An interview with the DTK. Corporate Watch.

Workers at a honey cooperative near Wan (Van in Turkish). The Co-op was set up with the help of the Democratic Society Congress economic commission.

Workers at a honey cooperative near Wan (Van in Turkish). The Co-op was set up with the help of the Democratic Society Congress economic commission.

Democratic autonomy is a movement which aims to establish a network of grassroots assemblies in Bakur (the Kurmanji Kurdish word for the area of Kurdistan within the borders of Turkey). Corporate Watch carried out interviews with several of the organisations involved in the process of democratic autonomy in June and July 2015.

The democratic autonomy movement in North Kurdistan is part of the wider movements for ‘democratic confederalism’ in Kurdistan. In the writing of Abdullah Öcalan, the imprisoned leader of the Kurdistan Worker’s Party (PKK), ‘democratic autonomy’ is achieved when people begin to organise themselves through grassroots assemblies or communes. Following on from this, the term ‘democratic confederalism’ is used to describe networks of these local assemblies joining together in a confederation.

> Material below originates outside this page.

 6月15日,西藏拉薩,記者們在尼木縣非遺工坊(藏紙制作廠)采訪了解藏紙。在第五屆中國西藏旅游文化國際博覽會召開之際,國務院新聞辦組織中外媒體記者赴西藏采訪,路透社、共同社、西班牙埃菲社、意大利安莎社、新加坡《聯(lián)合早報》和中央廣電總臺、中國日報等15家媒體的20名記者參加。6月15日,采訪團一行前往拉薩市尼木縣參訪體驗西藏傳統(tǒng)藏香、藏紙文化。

The most well known example of the application of the ideas of democratic confederalism is in Rojava, the autonomous largely Kurdish region in the North of Syria. However, people across the border in Bakur have been putting the ideas of democratic confederalism into practice since long before the Arab Spring. In around 2005 the PKK had created the Kurdistan Communities Union (KCK), an umbrella organisation aimed at uniting Kurdish people living within all four parts of Kurdistan and the diaspora and achieving democratic confederalism throughout Kurdistan.

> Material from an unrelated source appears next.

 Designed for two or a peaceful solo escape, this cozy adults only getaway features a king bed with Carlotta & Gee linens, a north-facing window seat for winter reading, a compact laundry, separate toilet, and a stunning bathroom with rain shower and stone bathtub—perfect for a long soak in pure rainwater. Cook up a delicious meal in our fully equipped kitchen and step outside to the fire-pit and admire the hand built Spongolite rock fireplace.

The Democratic Society Congress (DTK), set up in Bakur in 2007, acts as an umbrella organisation, and aims to establish democratic confederalism in Bakur. It meets every three months and is made up of representatives of different ethnic groups and political parties as well as representatives of local assemblies. It operates as a parliament, and attempts to create a new society under the weight of repression from the existing one. Since the establishment of the DTK, local assemblies have been set up all over Bakur. The DTK has also set up regional commissions to deal with issues such as ecology, economy, education, language, religion, culture, science, diplomacy, women and young people.